Reform, though, was cautious and incremental, dependent on caucus support and union acquiescence. One impediment to faster progress was uncertainty as to the cost of Telecom’s universal service obligation. When he became minister, Ralph Willis, who was an economist, commissioned a study which showed that this was much lower than the sums Telecom habitually claimed. This, says Doyle, was a true breakthrough because it provided evidence that introducing competition into the sector to stimulate innovation was compatible with providing affordable community services, and so removed the core political risk in dismantling Telecom’s monopoly.

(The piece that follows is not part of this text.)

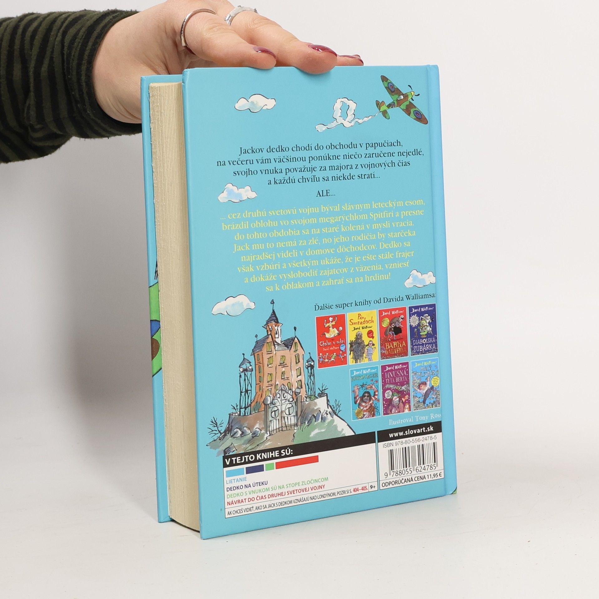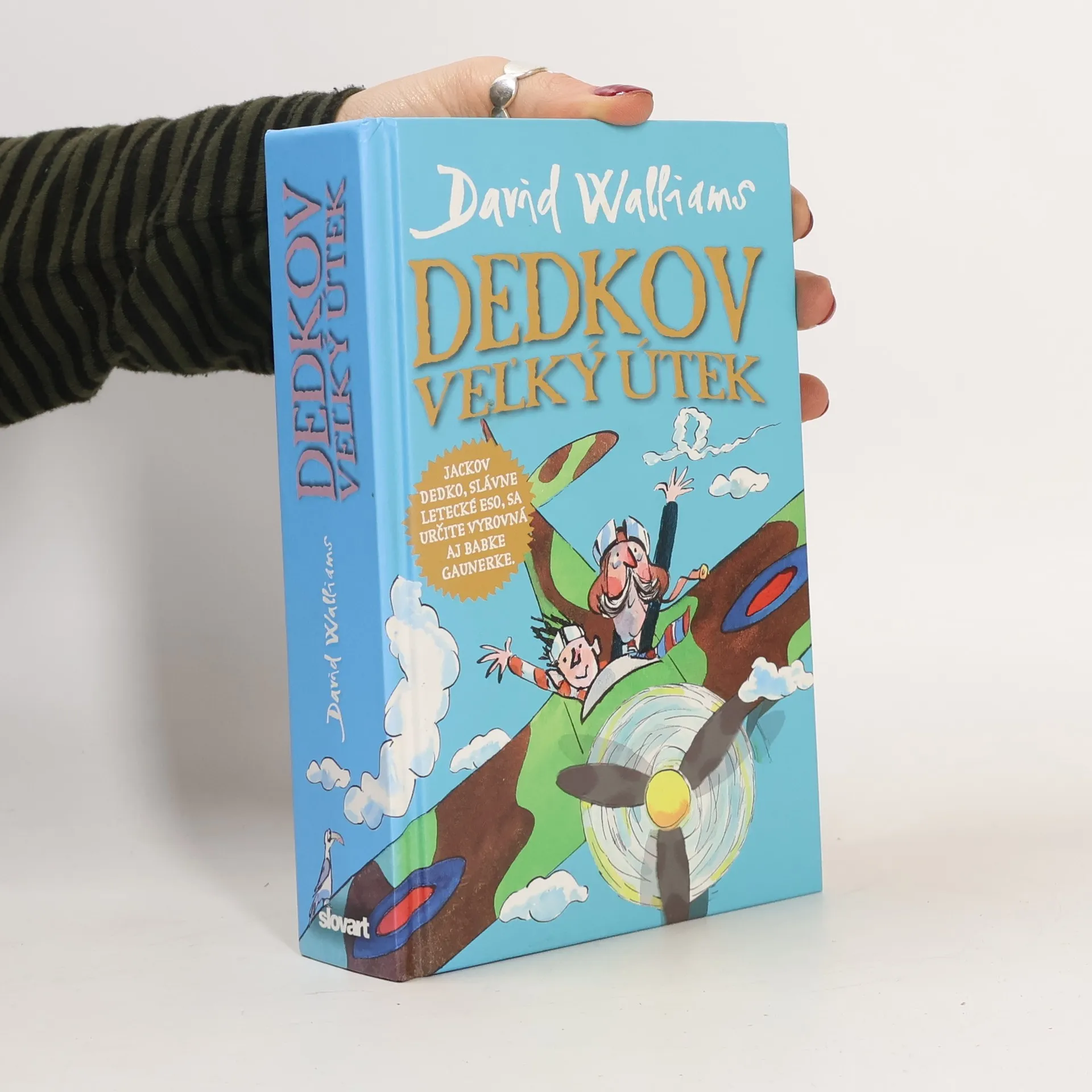 Ďalšia kniha od svetoznámeho britského komika a autora detských kníh Davida Walliamsa je príbehom chlapca, ktorého dedko sa určite vyrovná aj babke gaunerke. Jackov dedko totiž síce chodí do obchodu v papučiach, na večeru vám väčšinou ponúkne niečo fakt podozrivé z ešte podozrivejšej konzervy a často si nespomenie ani na meno vlastného vnuka, ale ešte stále si dokáže sadnúť do lietadla, vzniesť sa k oblakom a zahrať sa na hrdinu! Pridajte sa k Jackovi a jeho dedkovi a prežite s nimi vzrušujúci let nad Londýnom vo svete plnom snov a nebezpečných dobrodružstiev.

Doyle says that, from the late 1980s, the shift to full competition was probably inevitable, but that the timing and the model were uncertain. The model introduced by Kim Beazley in 1990 was built on strengthening Telecom to compete with a privatised Aussat. Optus bid successfully for Aussat, and in 1993 a third mobile provider, Vodafone, entered the market. The Opposition generally supported the government’s legislation, so long as it was moving in the direction of greater openness, flexibility and competition. Doyle ends his story there, but the stage was now set for the privatisation of telecommunications provision under the Coalition, though it had to spend big on rural Australia to allay fears about the weakening of the universal service obligation.
The book concludes with a brief look forward to the politics of the National Broadband Network (NBN), which awaits the sort of detailed investigation Doyle has given to earlier periods. He concludes that ‘Continuous disruption, whether technological or political, is the only real certainty in telecommunications reform’ (p. 210). I would put this slightly differently. Politics is not the main driver here. The continuous disruption is driven by relentless technological innovation to which politics has little choice but to respond as some stakeholders try to protect their interests and others to take advantage of new opportunities.
Telecommunications policy is a complicated and technical area. Doyle’s is the first book to look in depth at the policy changes set in train when Whitlam put reform of the PMG on the national policy agenda. Doyle writes well, without jargon, in straightforward, clear prose and the book has a comprehensive index. His book will be of great interest to those whose working lives were affected by these changes, as well as to others interested in the always challenging process of policy reform.